Half-sibling Regression
Half-sibling model
Half-sibling regression is an approach to de-noise data that follows the following model, with true signal $Q$ and measurement $Y$ which has noise added due to $N$. Crucially there are other variables we have measured which are affected by the same noise but are independent of the true signal $Q$. We call these variables $X_1, X_2$ half-siblings of $Y$.
The idea is to regress $Y$ on its half-siblings $X_1, X_2, \dots X_k$. Since the half-siblings are independent of the true signal, anything shared by $Y$ and any half-sibling must correspond to noise from $N$. This is shown in this (slightly terrible) diagram, where I have written $y$ as a vector which is a combination of true signal and noise. In terms of the true signal (of $y$) and noise, $x$ corresponds almost entirely to noise. Of course, $x$ should really be shown as a combination of noise and its true signal, which we could show using a 3rd axis.
When we regress $y$ on its half-sibling $x$, we recover $\hat{y}$ which is in the same direction as $x$. The residuals $y-\hat{y}$ are then almost in the same direction as the signal i.e. we have recovered the part of $y$ that is due to signal.
Example application - searching for exoplanets
I came across this method in a lecture series by Jonas Peters on causality, where he used it as an example of how thinking about the causal structure of data can help to suggest statistical methods for their analysis. In the course Peters gives the example from (Schölkopf et al. 2016) of measurements of light intensity of various points in the sky as measured by the Kepler space observatory.
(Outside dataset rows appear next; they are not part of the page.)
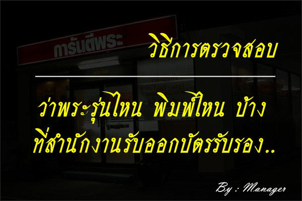 หัวข้อกระทู้ : => วิธีการตรวจสอบว่า พระเครื่องรุ่นไหน พิมพ์ไหนบ้าง ที่สำนักงานรับออกบัตรรับรองได้แล้ว... |
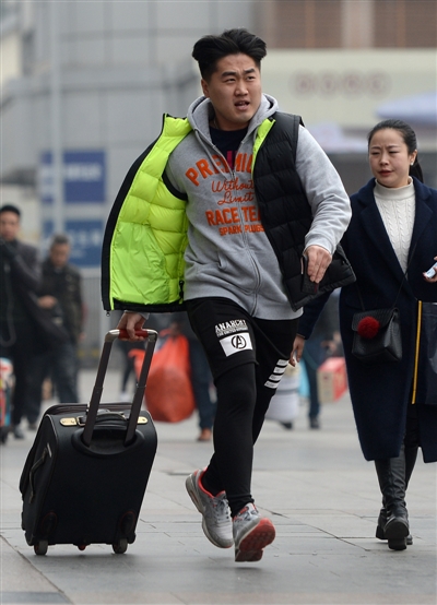 在火車北站,歸心似箭的心情寫在了旅客的臉上,過往的旅客行色匆匆,加快了回家的步伐。從售票大廳到候車大廳,旅客拖著行李,攥著車票奔走其間。無論行李有多重,鞋跟有多高,腳步有多稚嫩,都不能減慢旅客們奔跑的步伐。
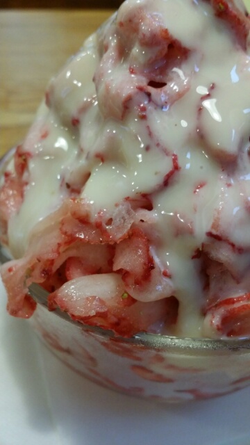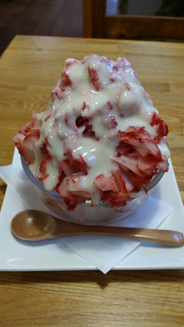 こんにちは! だいぶ暖かくなりましたね♪ 春といえばいちご(^з^) イロイロなところで「いちごフェア」を見かけるようになってきました! お客様とそ~んなお話しをしていて、皆様にお見せしたいものがあったのでUPしちゃいます! こちら!吉見町にある『happy time』さんのかき氷 “恋いちご” よーくみて下さいね。注 かき氷 なんですが。 よぉーくみて下さい(笑) これ赤いのはシロップではありません!!!! そう。いちごをそのまま凍らせて、薄~くスライスしただけの苺100%のかき氷??? なんて贅沢!!!! いまの季節に“恋いちご”を販売されているかは不明なのですが、パンやコーヒー。パンケーキなども美味しいカフェです♪ お花屋さんの一角にあるので、ふら~っとお出かけの際に寄ってみるのもお薦めです。 この辺り、桜の季節はサイコー!(笑) これからは近いところで、いちご狩りの催しもあるはずですょ。 是非お薦めいたします(^_^)/

The aim is to detect troughs of light intensity, as if there are regular troughs this might correspond to an exoplanet orbiting a star.
My example - noisy measurements of weight
To explore this idea I decided to simulate some data from the following model:
The weights of 20 individuals are measured every week for 20 weeks. We want to understand how the weights change over the study, for example we might be interested in understanding the impact of diet on weight. However, let’s suppose the weighing scales we use are calibrated each week in an inconsistent fashion, so that we cannot directly compare a measurement from week 1 to week 2. If we simply considered the weight of each individual in isolation we would have no way to remove the noise. However, by using half-sibling regression we can remove much of the noise.
In this plot of the measurements throughout the year we see that there is a similar pattern for each individual, caused by the shared measurement noise. This structure is what we will exploit to recover the true signal.
We now fit the half-sibling regression model, regressing one of the variables $X_1$ on its half-siblings. In R we specify this with the formula “X1 ~ . -week” meaning “regress X1 on all the remaining variables except for ‘week’”.
We can now construct our predictions using the residuals of the regression model.
So we have achieved significant noise reduction, though we are still not perfectly recovering the signal even in this case where the noise has mean 0. Now we can plot the true signal, noisy signal and our predictions using half-sibling regression. In each case the black line shows the baseline value as a reference. Since the noise had mean 0 our predictions fluctuate about this line.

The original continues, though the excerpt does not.